We fixed all typo/spelling, formating for special characters.

2. I did not see changes on figure 6a.

Sorry for missing that, we uploaded the figure 6a with segmented Y-axis.

Reviewer 2 Report

The authors  improved the text of the manuscript sufficiently 

but there are missing data of Ti6Al4V powder exposure to the air before  EBM and DSLM  - 

 from my point of view, it is hard to compare the roughness of EBM and DSLM because of the different granulation  DSLM (5-40 microns) and (45-150 microns) and EBM 100 microns. please explain in the text 

Please add the data of the Ti6Al4V exposure to the air before  the DSLM and EBM

Author Response

Thank you so much for reviewing the manuscript and for your valuable comments. 

The authors  improved the text of the manuscript sufficiently but there are missing data of Ti6Al4V powder exposure to the air before  EBM and DSLM  -  from my point of view, it is hard to compare the roughness of EBM and DSLM because of the different granulation  DSLM (5-40 microns) and (45-150 microns) and EBM 100 microns. please explain in the text. Please add the data of the Ti6Al4V exposure to the air before the DSLM and EBM.

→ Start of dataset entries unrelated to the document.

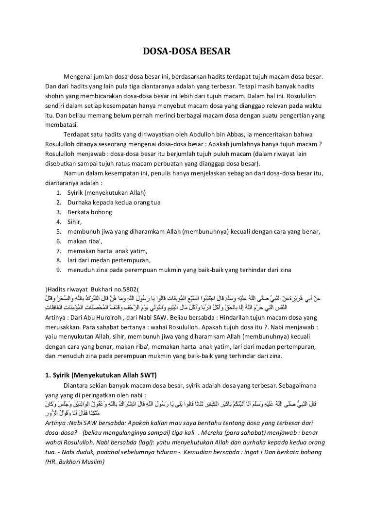 Agama Islam Dosa Besar
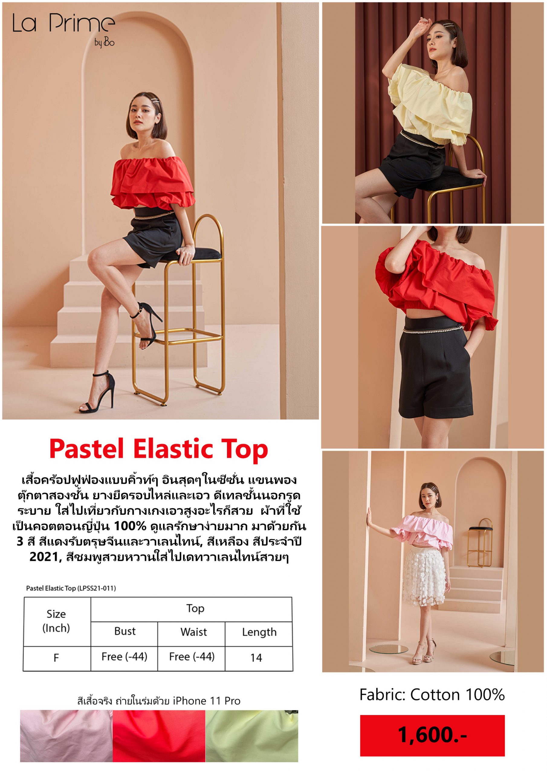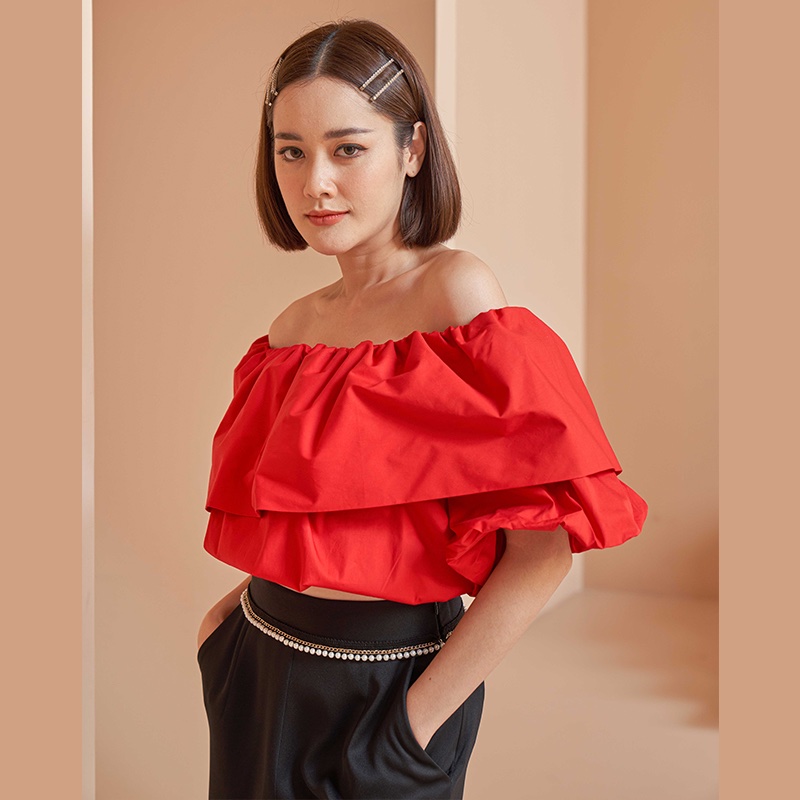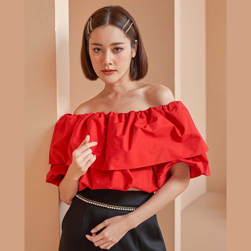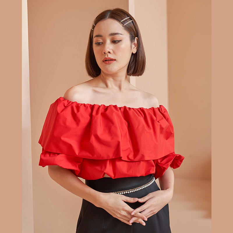 เสื้อคร้อป เปิดไหล่ยางยืด แขนพองตุ๊กตาสองชั้น เอวยางยืด
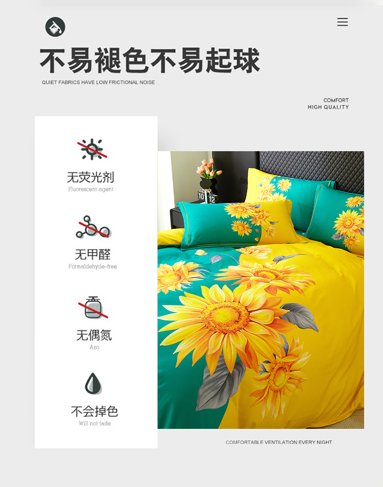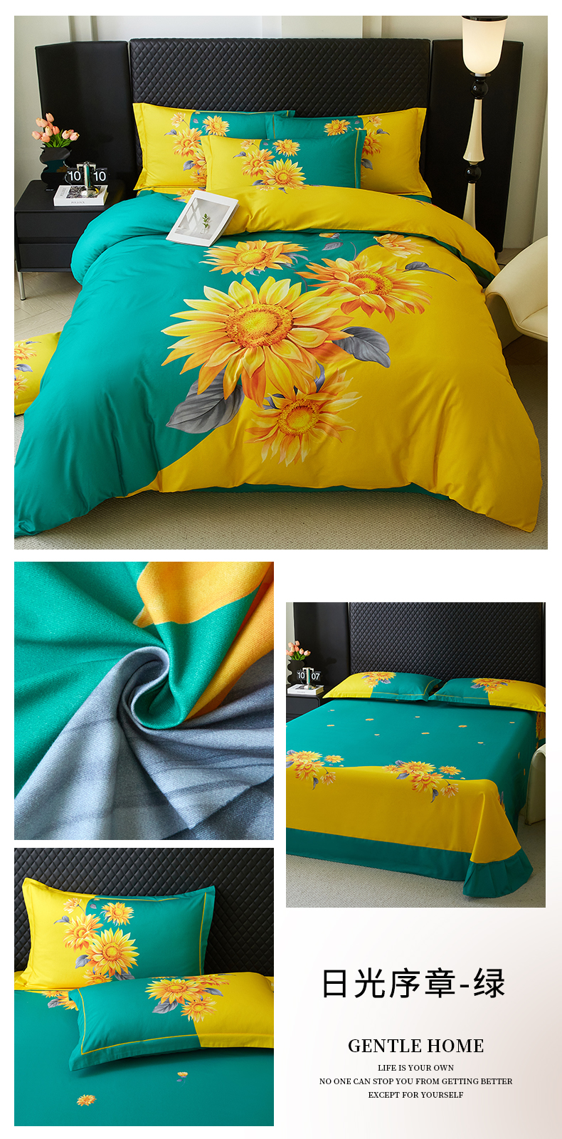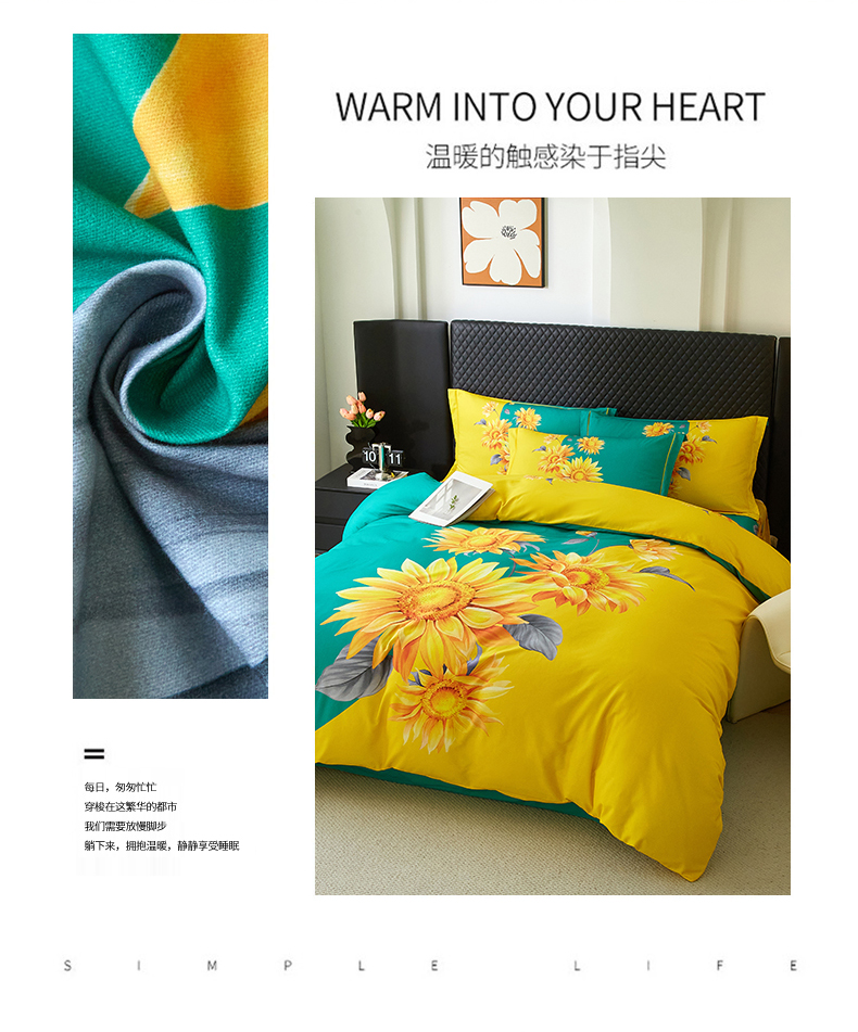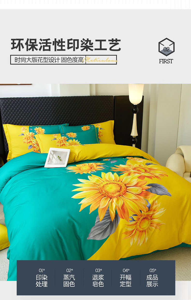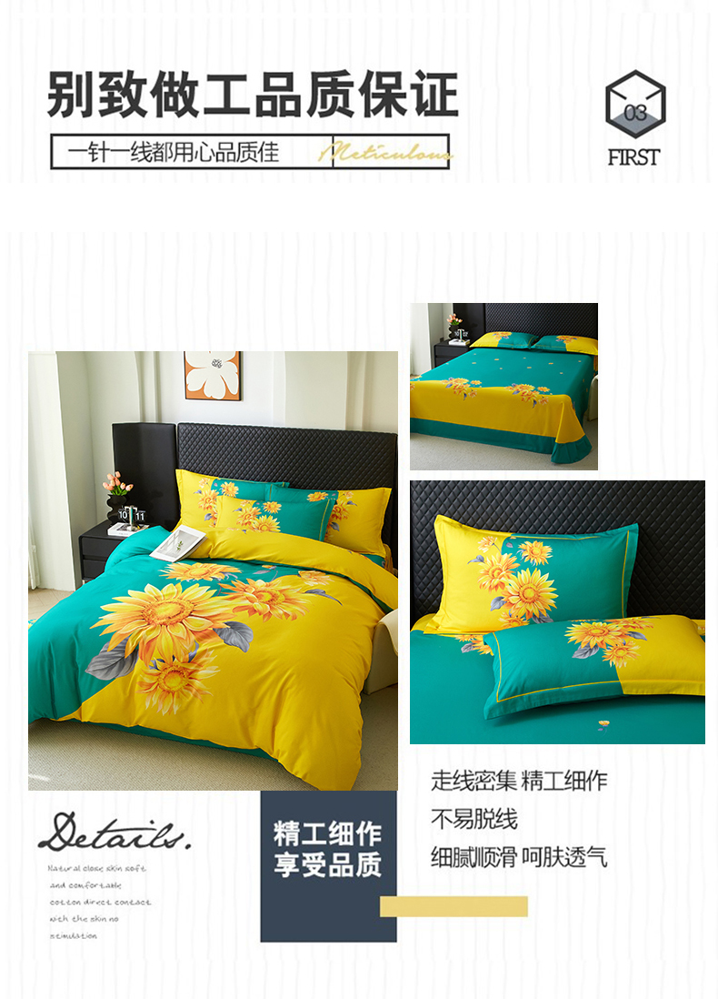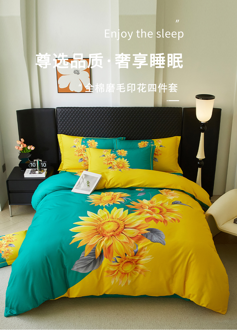 金纱玉纺 2025年新款秋冬全棉印花四件套 日光序章-绿
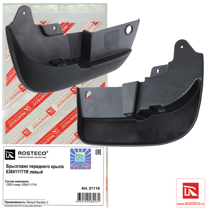 21119 ROSTECO Брызговик переднего крыла Renault Sandero 2014г. ЛЕВЫЙ
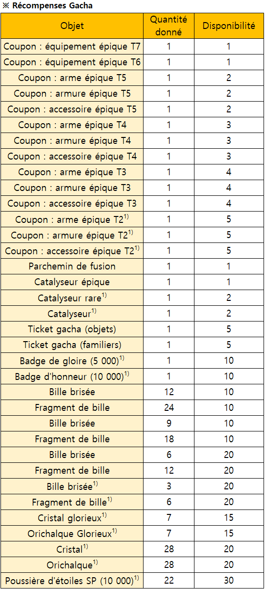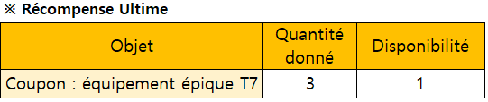 *Vous obtiendrez l'un des drops énumérées ci-dessus
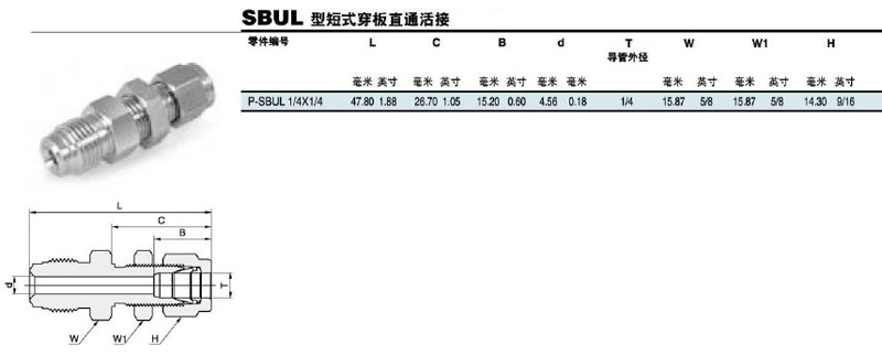 產(chǎn)品: 瀏覽次數(shù):497P-SBUL-1/4*1/4,短式穿板直通活接頭
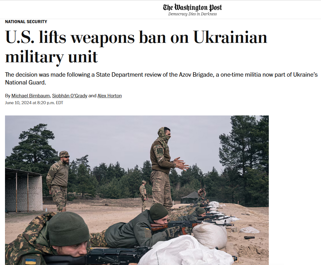 - "Администрация Байдена разрешит украинскому военному подразделению с неоднозначным прошлым использовать американское вооружение". Это кажется справедливым. Но позволяет другим странам использовать... сомнительную тактику.
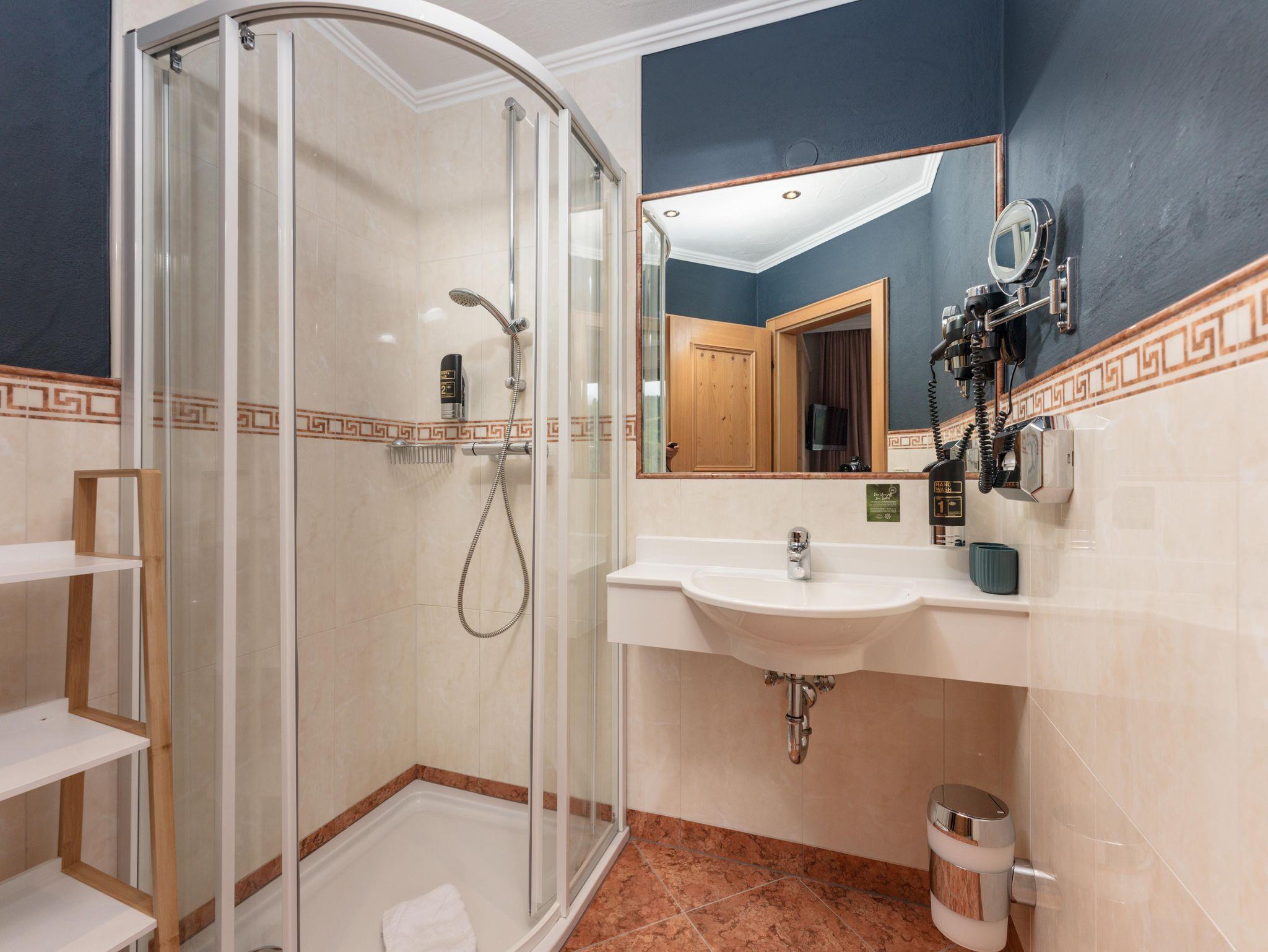 Badezimmer mit Dusche/WC, Haarföhn, Schminkspiegel & Handtuchtrockner

We added the EDX data of Ti6A14V powder exposure to the air before EBM and DSLM. Please see the updated Figure 2 and Table 2. 

We added one­­­­ sentence about surface roughness under Results Section (highlighted in yellow):

"This roughness measurement should be interpreted carefully because the roughness Ra came from both the surface roughness and the fused particle height."